A bot from 206.28.73.1, which resolves to Getty Images, attempted to rapidly grab all pages linked from the home page of one of my sites. It did not read robots.txt first, and as a result, attempted to grab disallowed pages. The bot used a fake user-agent of "Mozilla/4.0 (compatible; MSIE 5.0; Windows NT)."

I don't know what their purpose was in trying to harvest my site, but I now have their entire range blocked.

Getty Images, Inc. CW-206-28-72-A (NET-206-28-72-0-1) 206.28.72.0 - 206.28.79.255

[edited by: jazzguy at 10:29 pm (utc) on Aug. 18, 2003]

wilderness

9:09 pm on Aug 18, 2003 (gmt 0)

WebmasterWorld Senior Member 10+ Year Member Top Contributors Of The Month



from their page:
"At this time we are strictly a business-to-business website and provide photography only for commercial, corporate, editorial, publishing and similar uses."

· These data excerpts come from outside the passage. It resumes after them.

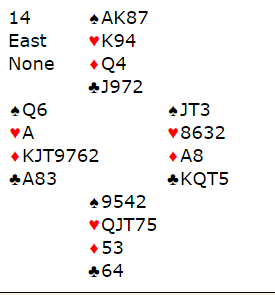 Franskmannen stakk utspillet med hj K, tok for kl A og spilte hj D til esset (muliggjør ekstra inntak om 2-2 imot i trumf). Så stjal han en kløver, tok for hj J og så spar til esset. På kl K stupte dessverre ikke damen, men kl 7 til stjeling ordnet godspilling av kl J. Spar til kongen, cash av kj J med sak av ru 10 men da ru AD var igjen på hånden uten flere mulighetyer for avkast måtte det spilles ruter til damen. Den holt for +1510.
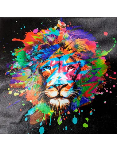 Panneau carré simili cuir, le lion multico
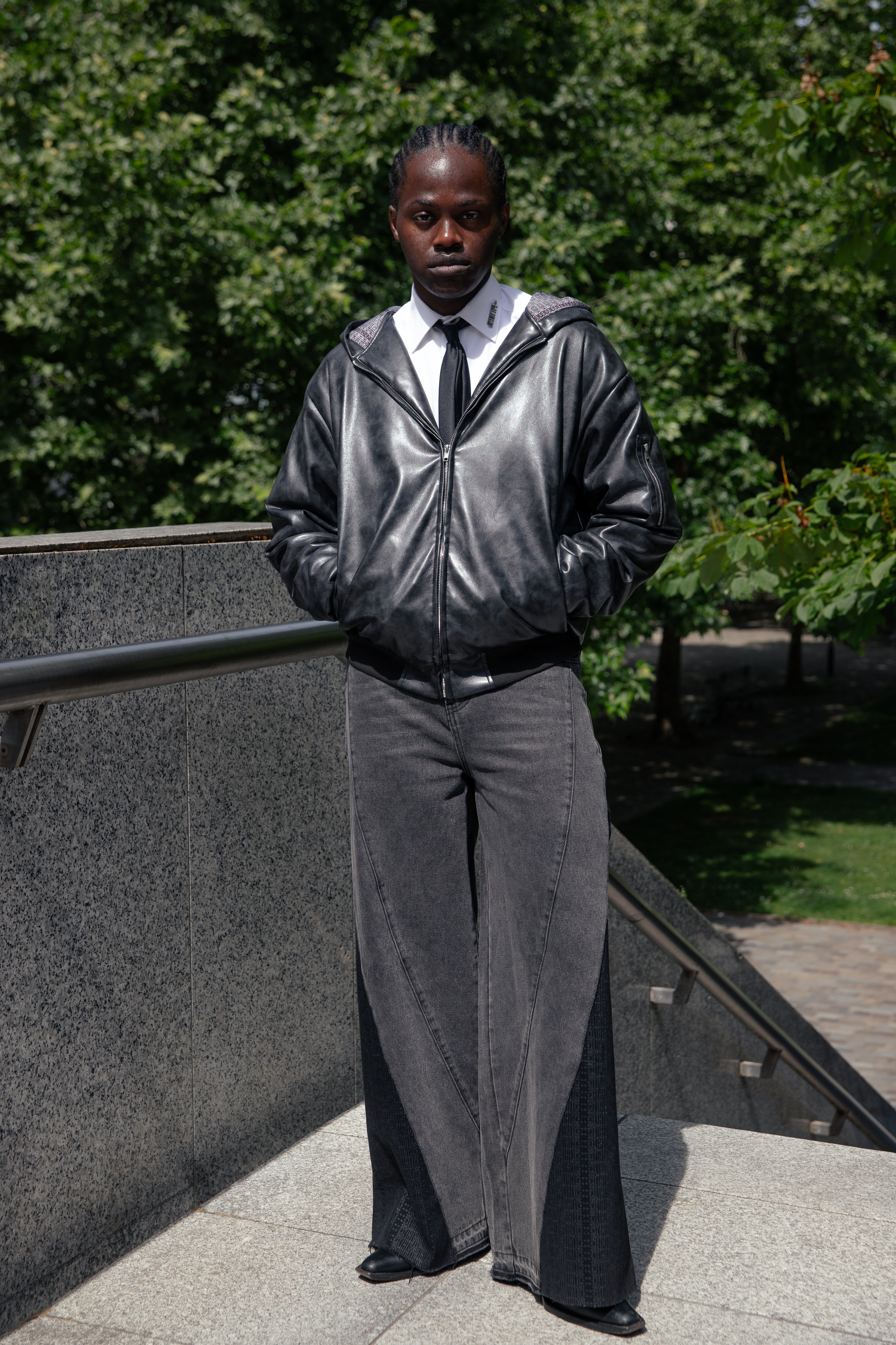 Pour son retour sous un nouveau nom, Adrian puise son inspiration dans le célèbre film "I, Robot" d'Alex Proyas (2004), qui dépeint un monde futuriste où les robots assistent l'humanité. En mêlant des couleurs monochromes (gris, noir et blanc), l'utilisation de matières audacieuses, la réinterprétation des coupes conventionnelles et l'intégration de la mascotte UVA, la marque exprime sa vision unique de la mode influencée par cet univers cinématographique.

Thanks for the heads up jazzguy
RewriteCond %{REMOTE_ADDR} ^206\.28\.(7[2-9])\. [OR]

jomaxx

5:01 pm on Aug 19, 2003 (gmt 0)

WebmasterWorld Senior Member 10+ Year Member



I'll bet they are spidering images and checking them for embedded watermarks, looking for sites using their pictures without paying royalties.